Meskin of BNY Mellon Investment Management worried that there is only a small chance that the economy could achieve a successful “soft landing” — a term used by economists to denote an economic slowdown that avoids tipping into recession.
“The closer they (Fed) get to their own estimated neutral rates, the more they try to calibrate subsequent increases to assess the impact of each increase as we move into a restricted territory,” Meskin said via phone. The neutral rate is the level at which the fed-funds rate neither boosts nor slows economic activity.
“This is why they are saying they’re going to, sooner rather than later, start raising rates by smaller amounts.
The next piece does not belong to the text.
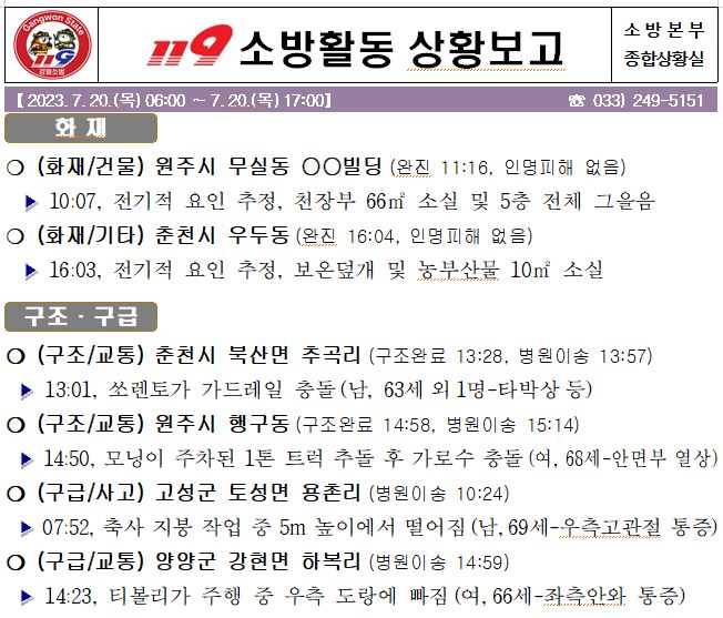 119 소방활동 상황보고(7. 20. 목) 17:00

But they also don’t want the market to react in a way that would looseen the financial conditions because any loosening of financial conditions would be inflationary.”
Powell said Wednesday that there remains a chance that the economy can escape a recession, but that window for a soft landing has narrowed this year as price pressures have been slow to ease.
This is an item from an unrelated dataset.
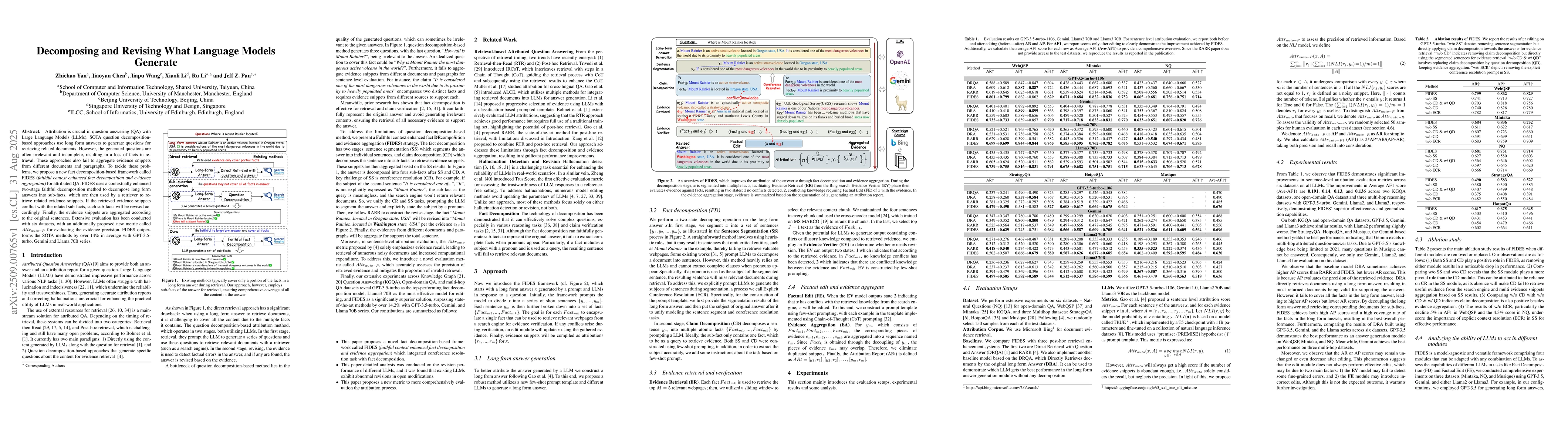 Attribution is crucial in question answering (QA) with Large Language Models (LLMs).SOTA question decomposition-based approaches use long form answers to generate questions for retrieving related documents. However, the generated questions are often irrelevant and incomplete, resulting in a loss of facts in retrieval.These approaches also fail to aggregate evidence snippets from different documents and paragraphs. To tackle these problems, we propose a new fact decomposition-based framework called FIDES (\textit{faithful context enhanced fact decomposition and evidence aggregation}) for attributed QA. FIDES uses a contextually enhanced two-stage faithful decomposition method to decompose long form answers into sub-facts, which are then used by a retriever to retrieve related evidence snippets. If the retrieved evidence snippets conflict with the related sub-facts, such sub-facts will be revised accordingly. Finally, the evidence snippets are aggregated according to the original sentences.Extensive evaluation has been conducted with six datasets, with an additionally proposed new metric called $Attr_{auto-P}$ for evaluating the evidence precision. FIDES outperforms the SOTA methods by over 14\% in average with GPT-3.5-turbo, Gemini and Llama 70B series.

However, Wall Street investors and strategists are divided on whether the stock market has fully priced in a recession, especially given relatively strong third-quarter results from more than 85% of S&P 500 companies that reported as well as forward looking earnings expectations.
“I still think that if we look at earnings expectations and market pricing, we don’t really price in a significant recession just yet,” said Meskin. “Investors are still assigning a reasonably high probability to soft landing,” but the risk resulting from “very high inflation and the terminal rate by the Fed’s own estimates moving higher is that ultimately we will need to have much higher unemployment and therefore much lower valuations.””
Sheraz Mian, director of research at Zacks Investment Research, said margins are holding up better than most investors would have expected. For the 429 index S&P 500 members that have reported results already, total earnings are up 2.2% from the same period last year, with 70.9% beating EPS estimates and 67.8% beating revenue estimates, Mian wrote in an article on Friday.
And then there are the midterm congressional elections on Nov. 8.
Investors are debating whether stocks can gain ground following a close-fought battle for control of Congress since historical precedent points to a tendency for stocks to rise after voters go to the polls.
Anthony Saglimbene, chief market strategist at Ameriprise Financial, said markets typically see stock volatility rises 20 to 25 days prior to the election, then dip lower in the 10 to 15 days after the results are in.
“We’ve actually seen that this year. When you look from mid and late-August into where we are right now, volatility has risen and it’s kind of starting to head lower,” Saglimbene said on Thursday.
“I think one of the things that’s kind of allowed the markets to push the midterm elections back is that the odds of a divided government are increasing. In terms of a market reaction, we really think that the market may react more aggressively to anything that’s outside of a divided government,” he said.